The Marc show performance, like all of human history, is also on YouTube. This time it's a specially recorded backing track as well as a live vocal. Imagine watching this in 77, having grown up on the outlandishness of Aladdin Sane and all that, and he's just standing there, no theatrics, normal hair, no make up, with a frankly pedestrian production on the track, somewhat idly delivering the lyric. Then he hits the second verse ('I will be king...') with such force, such a desperate cry in his voice.

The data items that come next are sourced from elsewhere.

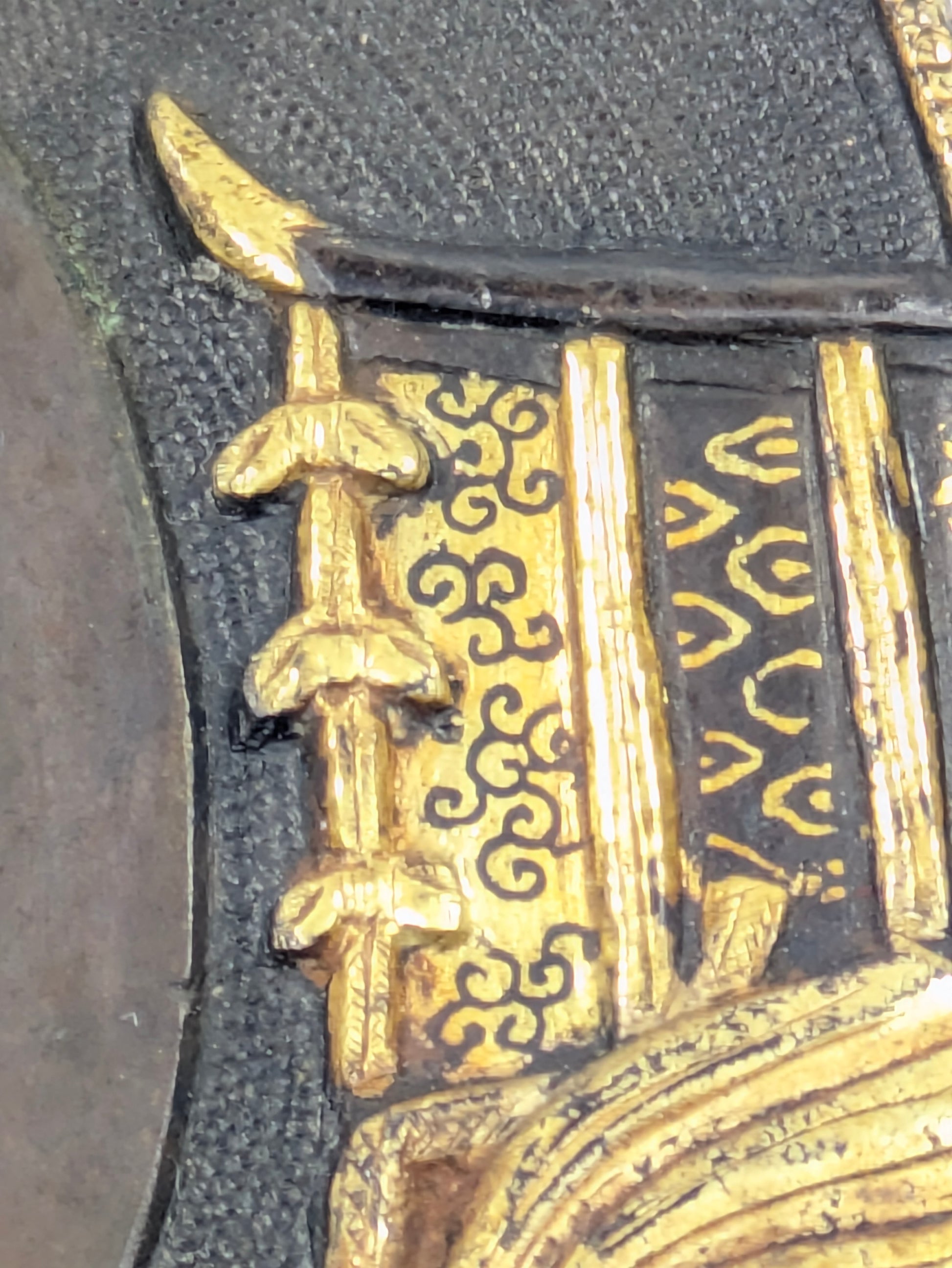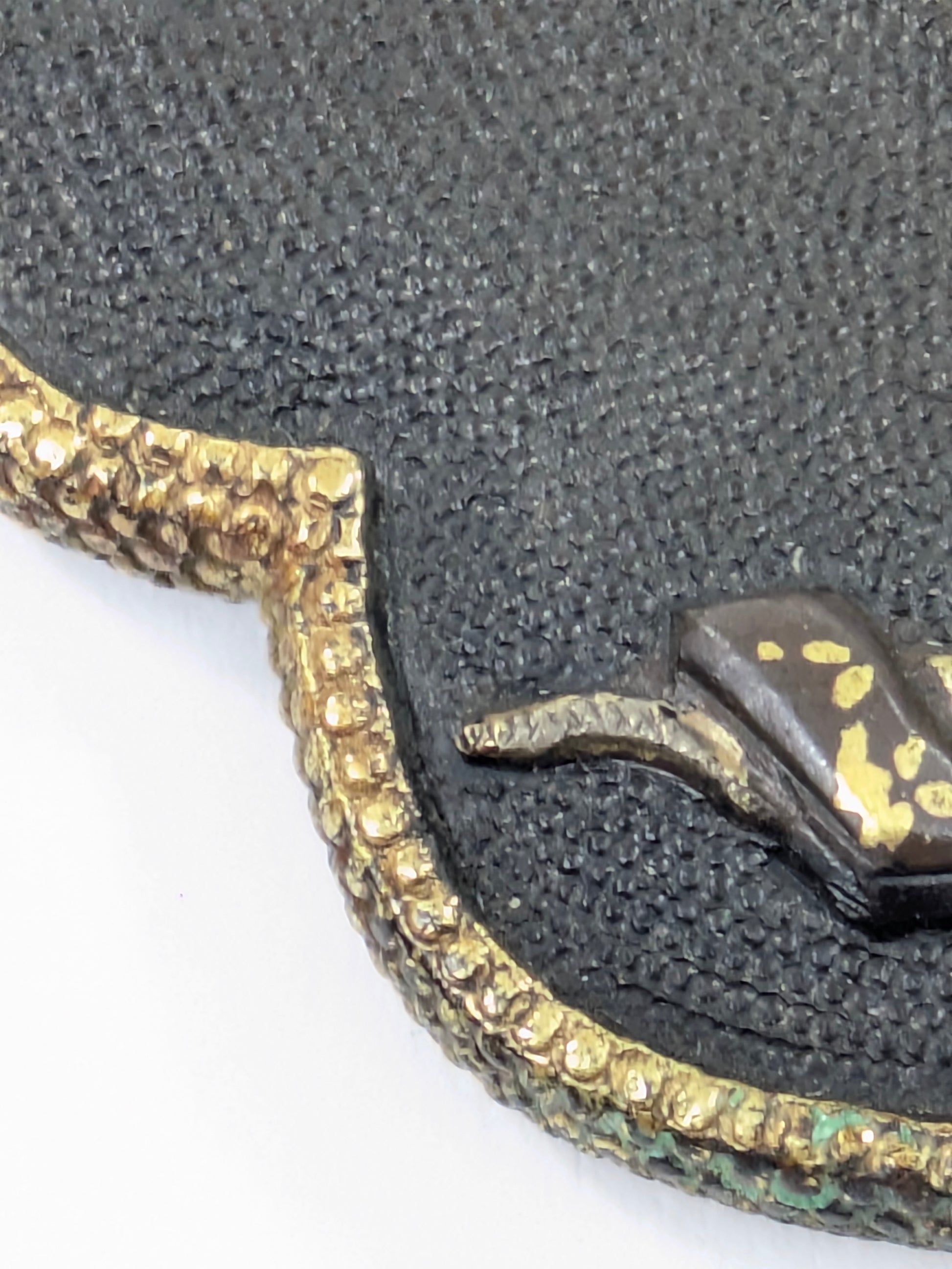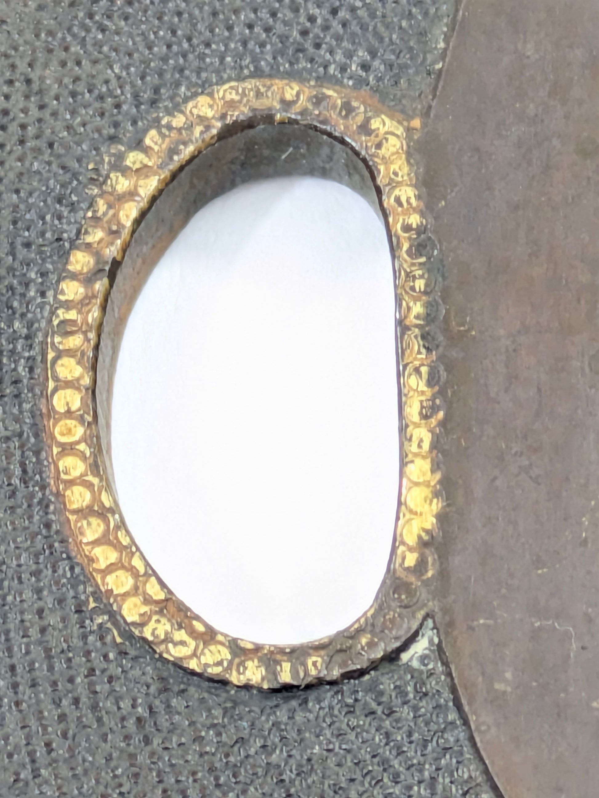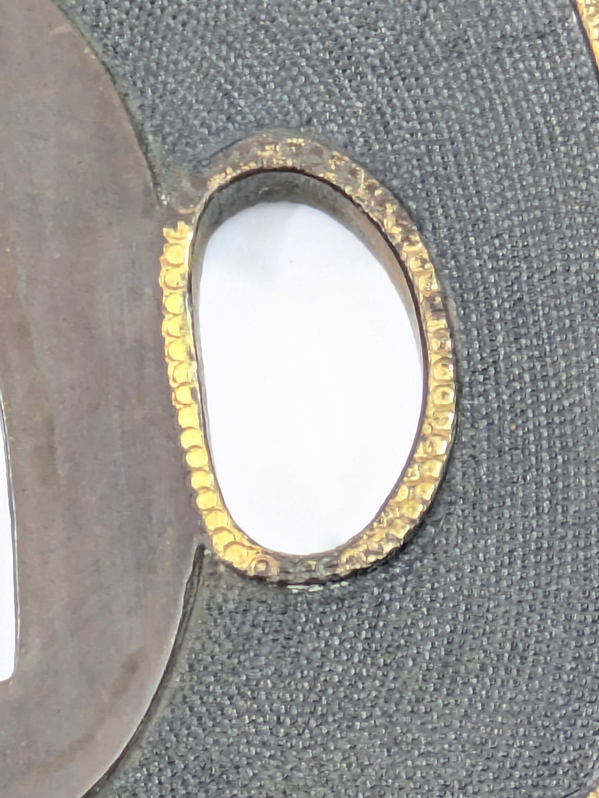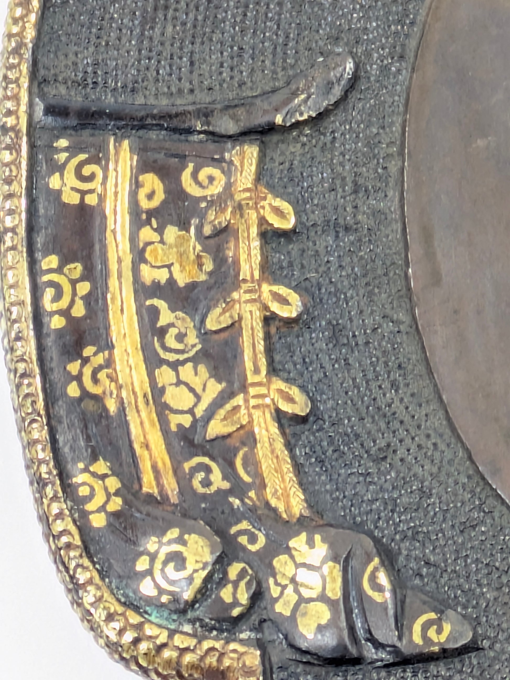 The rim and hitsu-ana are bordered in gilt with finely dotted beading, completing the frame of this miniature scene. This guard demonstrates not only fine craftsmanship but also the Edo-period fascination with reviving classical Heian themes in the decorative arts.
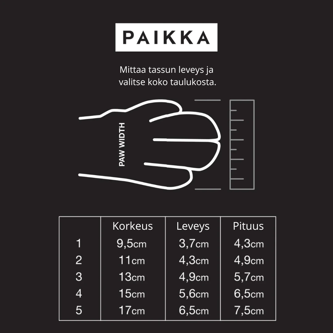 PAIKKA All-Weather Dog Shoes -malliset koiran tossut on suunniteltu pysymään hyvin jalassa kaikissa aktiviteeteissa. Ne soveltuvat niin rauhallisille arkilenkeille kuin haastavampiin ulkoiluseikkailuihin, tarjoten luotettavaa suojaa ja käyttömukavuutta.
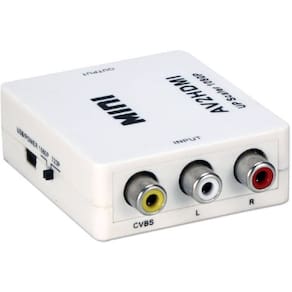 Converte áudio/vídeo composto em sinal HDMI de alto nível para 720p ou 1080p alimentado por porta HDMI ou USB, switch NTSC/PAL para uso internacional
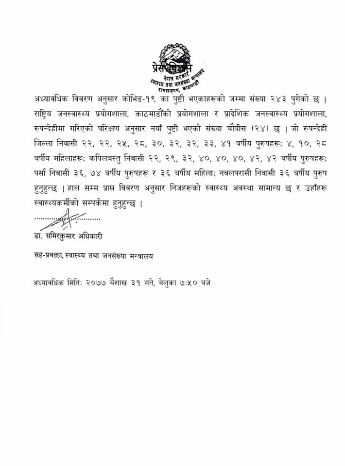 बुधबार साँझ २४ जनामा कोरोना पुष्टि, नेपालमा २४३ पुग्यो संख्या

Literally gave me tingles first time I watched it. You so see that he was making music he had to make at this point, it's got that artist using their art to figure themselves out feeling, like Woody Allen's criminally overlooked Stardust Memories.

Bowie has more bizarre corners to his career than any other major figure in music. Less than a year later he was releasing his narration of Prokofiev's Peter And The Wolf (which he really does start with 'are you sitting comfortably? Then I shall begin') and releasing Stage, a live album where all the tracks have been sequenced in their order of original release - why? - and there's a whole side of stuff from Low. A live version of the ambient Eno collaboration Warszawa! With crowds cheering! What the fuck is that about?

Meantime, let the onset of the festive season and this spaced oddity fusilli your mind.

[MP3 deleted to make way for new ones. Sorry!]

03 November 2007

The Higsons - Music To Watch Girls By


The Higsons - Music to Watch Girls By cover

The Higsons were an early 80s British band doing punchy angular white funk, kind of like Talking Heads but without any hint of genius.

For such a short, low volume career they pack a huge quantity of weirdness. For some reason, despite not being a ska band, they got signed to 2 Tone and released two singles in the label's twilight days, Tear the Whole Thing Down and Run Me Down.

Then there was this, an inexplicable cover of the 1967 Andy Williams track. Whilst too much of a Val Doonican to ever be a Rat Packer, Williams certainly belonged to that anti-rock n roll element of American popular music.

I fuckin hate all that Rat Pack revisionism that admires the slimy, arrogant, suit and tie singers who'd sing about sweet love then go home and drunkenly beat their wives. Anyone who tries to pretend that Dean Martin was cool is someone who can't deal with music expressing things that are real. Schmaltzy soulless and smug, Memories Are Made Of This was everything that Elvis came to save us from.

Despite it having Rat Packesque overtones, dubious gender politics and originally being a vehicle for a be-jumpered crooner, it's a hard heart that doesn't like Music To Watch Girls By.

'Watch that sound each time you hear a loud electric sigh' is an endlessly fabulous and thrilling line, and the dark descending melody underneath propels you with a relentless swirl that's glamourous yet sinister, poppy yet uneasy.

The Higsons version was produced by Warne Livesey, who within a year or two would be doing astonishing work on The The's epic and classic Infected album.

In a final twist of oddity, lead singer Charlie Higson went on to be the bloke in the Fast Show, the one who did Bob Fleming and Swiss Toni.

Making a record is a lot like making love to a beautiful woman; it's all very well having your solid seven inches but you've got to keep moving at the right speed to make sweet music.

Is it me, or does the Scott Walkerish bloke on the cover look like Louis Balfour presenting Jazz Club?